### Problem to work on
Output, exactly as written, the lines below starting at the line containing "Niezbędny w każdym" and ending at the line containing "WTI 8月原油期货收跌2.". Drop the pictures and keep both end lines.

### Raw data
* * * * * * *

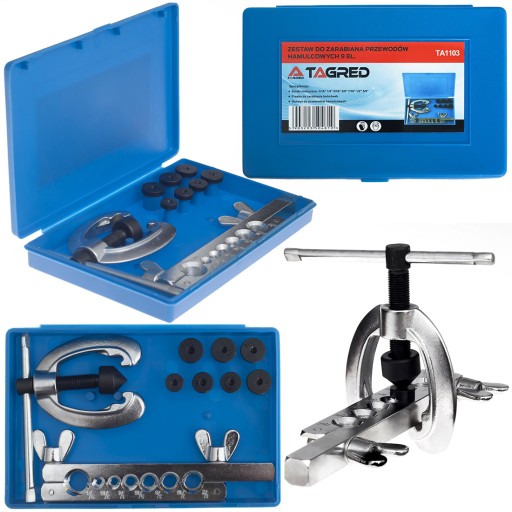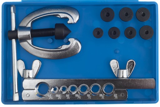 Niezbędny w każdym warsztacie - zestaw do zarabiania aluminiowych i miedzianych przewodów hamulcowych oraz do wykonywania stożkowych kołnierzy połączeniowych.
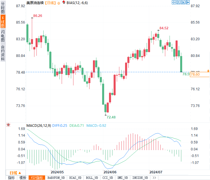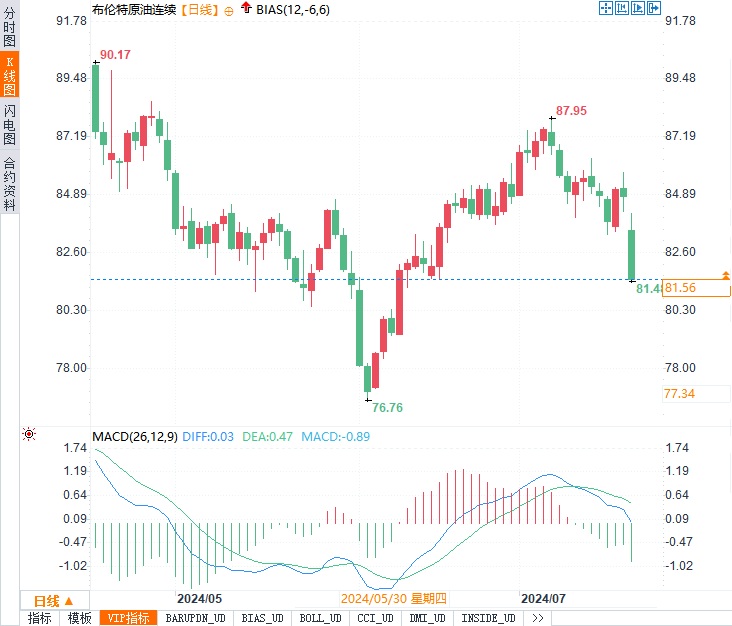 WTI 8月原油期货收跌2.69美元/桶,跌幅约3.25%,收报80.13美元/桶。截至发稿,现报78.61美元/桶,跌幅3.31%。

* * * * * * *

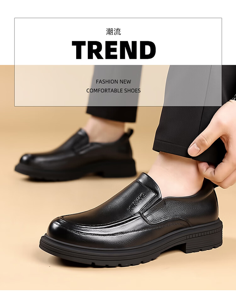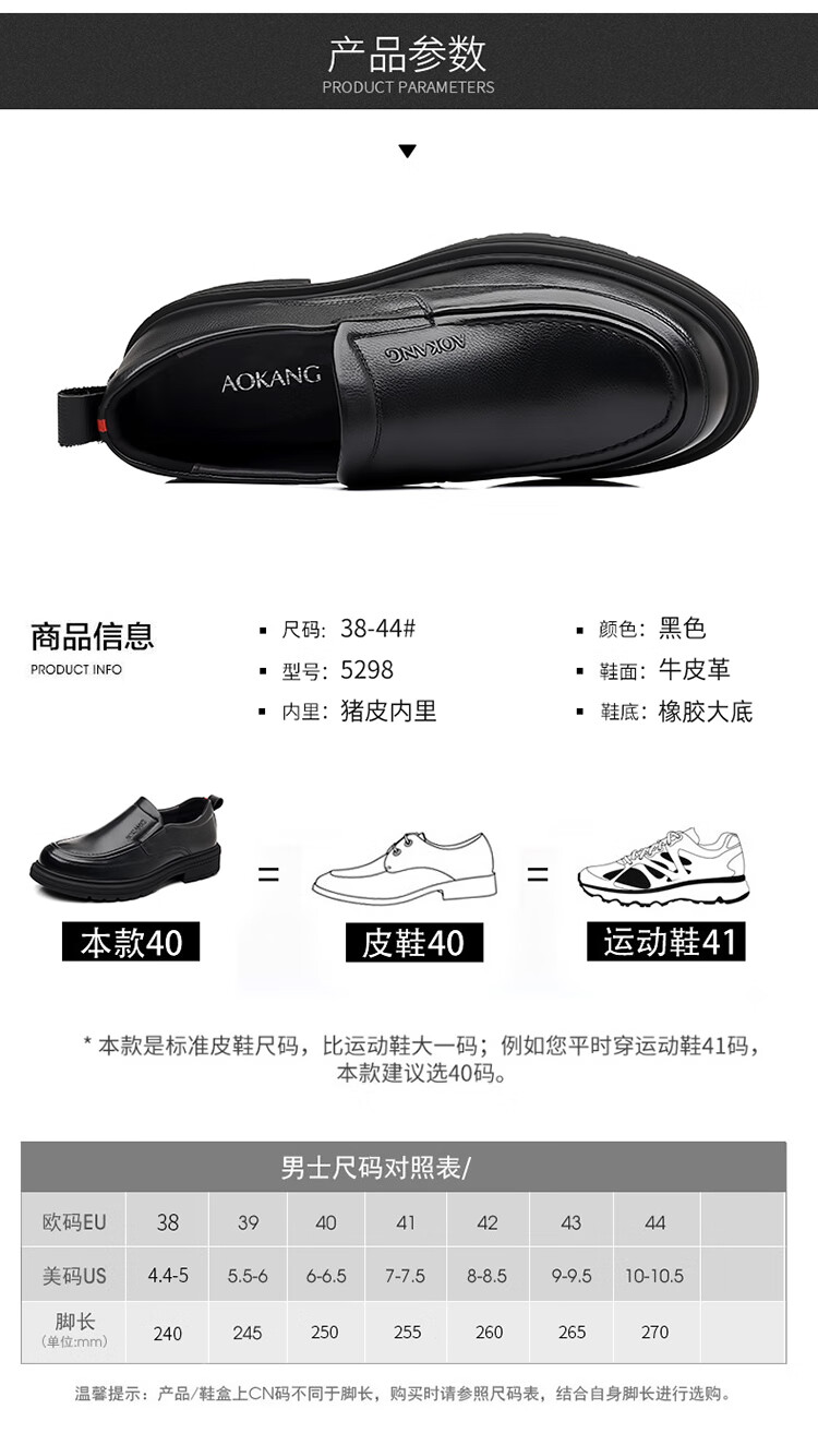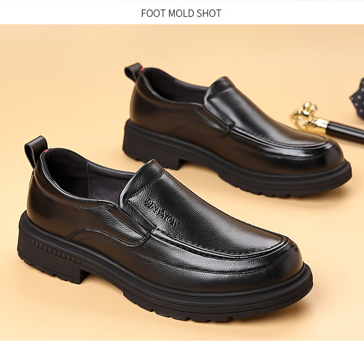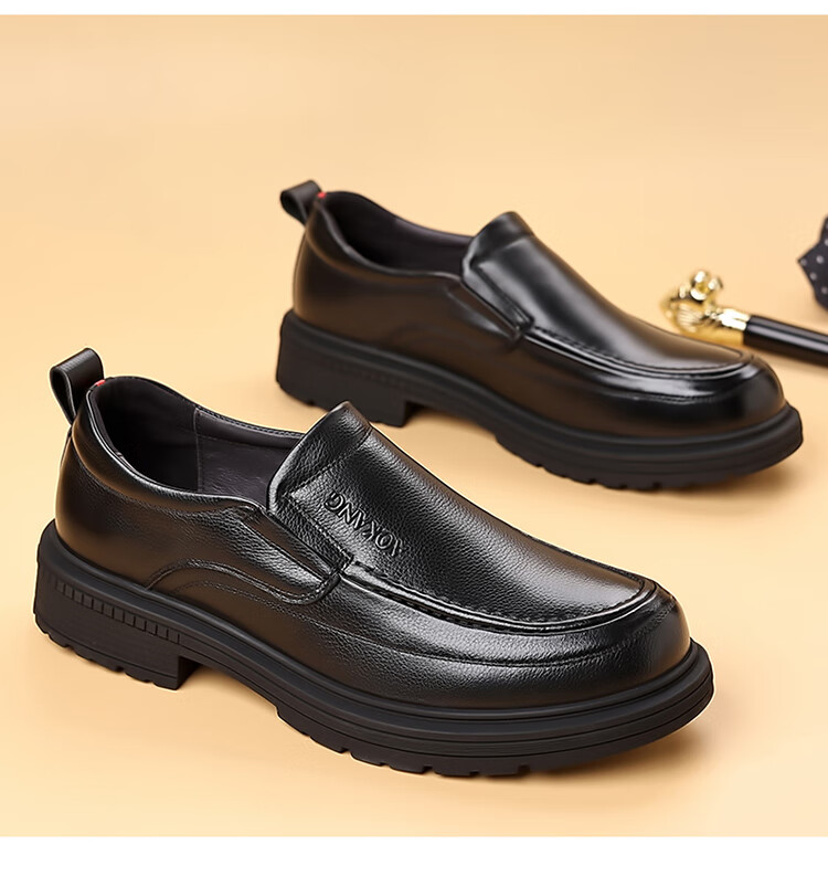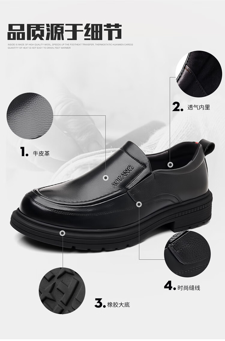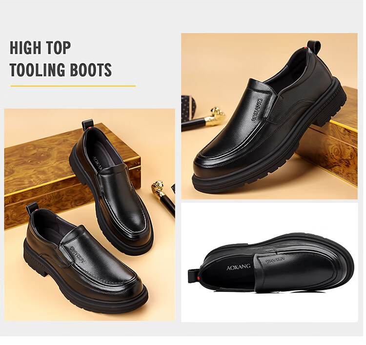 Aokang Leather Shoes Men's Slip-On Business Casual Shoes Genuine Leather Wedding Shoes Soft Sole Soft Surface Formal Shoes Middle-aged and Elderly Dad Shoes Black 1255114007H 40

* * * * * * *

### Result of this task
 Niezbędny w każdym warsztacie - zestaw do zarabiania aluminiowych i miedzianych przewodów hamulcowych oraz do wykonywania stożkowych kołnierzy połączeniowych.
 WTI 8月原油期货收跌2.69美元/桶,跌幅约3.25%,收报80.13美元/桶。截至发稿,现报78.61美元/桶,跌幅3.31%。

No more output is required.